* [WORK INSTRUCTIONS]: Repeat the data word for word, excluding every picture.

* [PROVIDED DATA]:
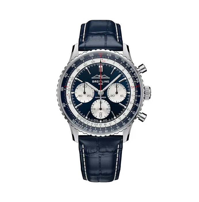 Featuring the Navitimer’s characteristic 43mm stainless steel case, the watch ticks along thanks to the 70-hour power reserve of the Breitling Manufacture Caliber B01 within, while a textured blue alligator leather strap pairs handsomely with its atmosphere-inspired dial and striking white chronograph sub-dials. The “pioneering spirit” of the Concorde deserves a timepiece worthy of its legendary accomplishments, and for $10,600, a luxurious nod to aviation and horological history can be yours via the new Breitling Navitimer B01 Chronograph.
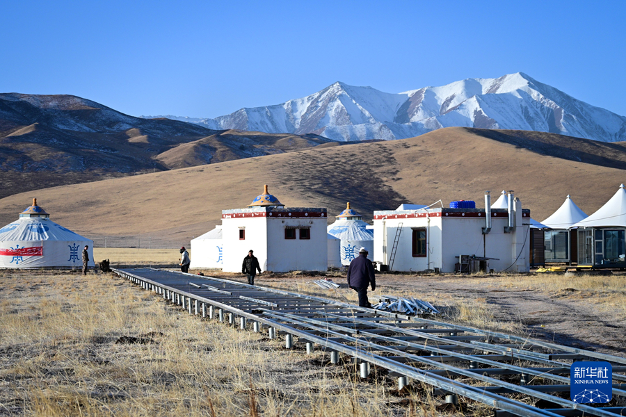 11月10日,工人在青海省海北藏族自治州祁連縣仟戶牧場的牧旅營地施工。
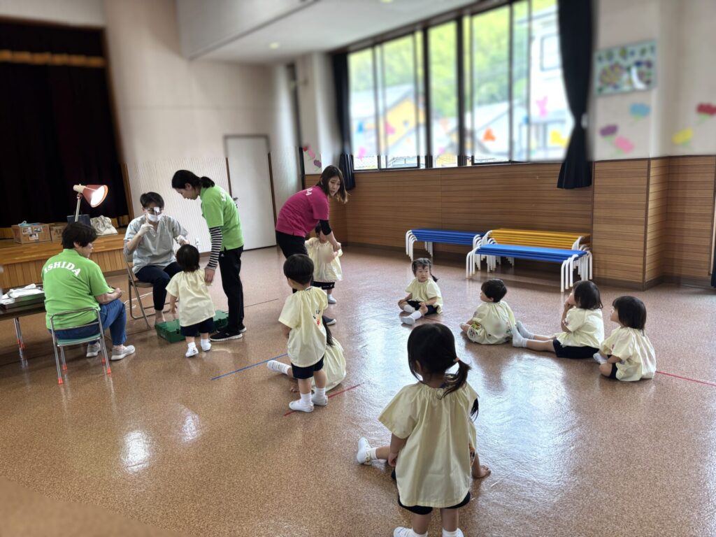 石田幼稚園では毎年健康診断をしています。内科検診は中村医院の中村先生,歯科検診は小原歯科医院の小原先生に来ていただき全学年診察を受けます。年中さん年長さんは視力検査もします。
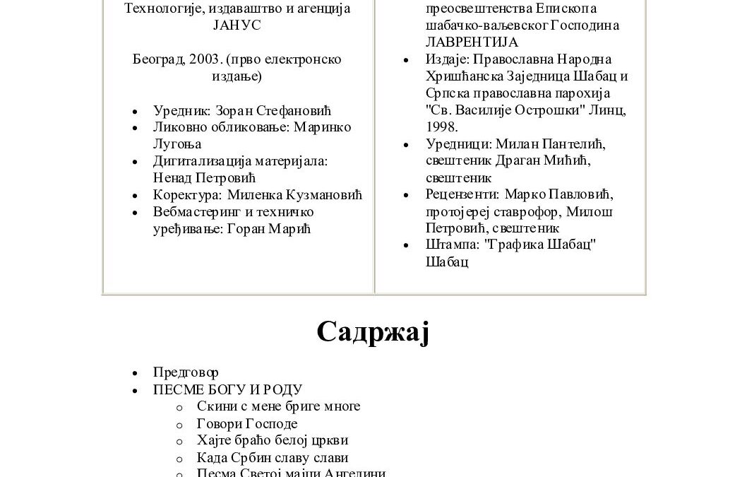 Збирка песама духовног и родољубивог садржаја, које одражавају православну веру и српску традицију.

* [ANSWER AREA]:
 Featuring the Navitimer’s characteristic 43mm stainless steel case, the watch ticks along thanks to the 70-hour power reserve of the Breitling Manufacture Caliber B01 within, while a textured blue alligator leather strap pairs handsomely with its atmosphere-inspired dial and striking white chronograph sub-dials. The “pioneering spirit” of the Concorde deserves a timepiece worthy of its legendary accomplishments, and for $10,600, a luxurious nod to aviation and horological history can be yours via the new Breitling Navitimer B01 Chronograph.
 11月10日,工人在青海省海北藏族自治州祁連縣仟戶牧場的牧旅營地施工。
 石田幼稚園では毎年健康診断をしています。内科検診は中村医院の中村先生,歯科検診は小原歯科医院の小原先生に来ていただき全学年診察を受けます。年中さん年長さんは視力検査もします。
 Збирка песама духовног и родољубивог садржаја, које одражавају православну веру и српску традицију.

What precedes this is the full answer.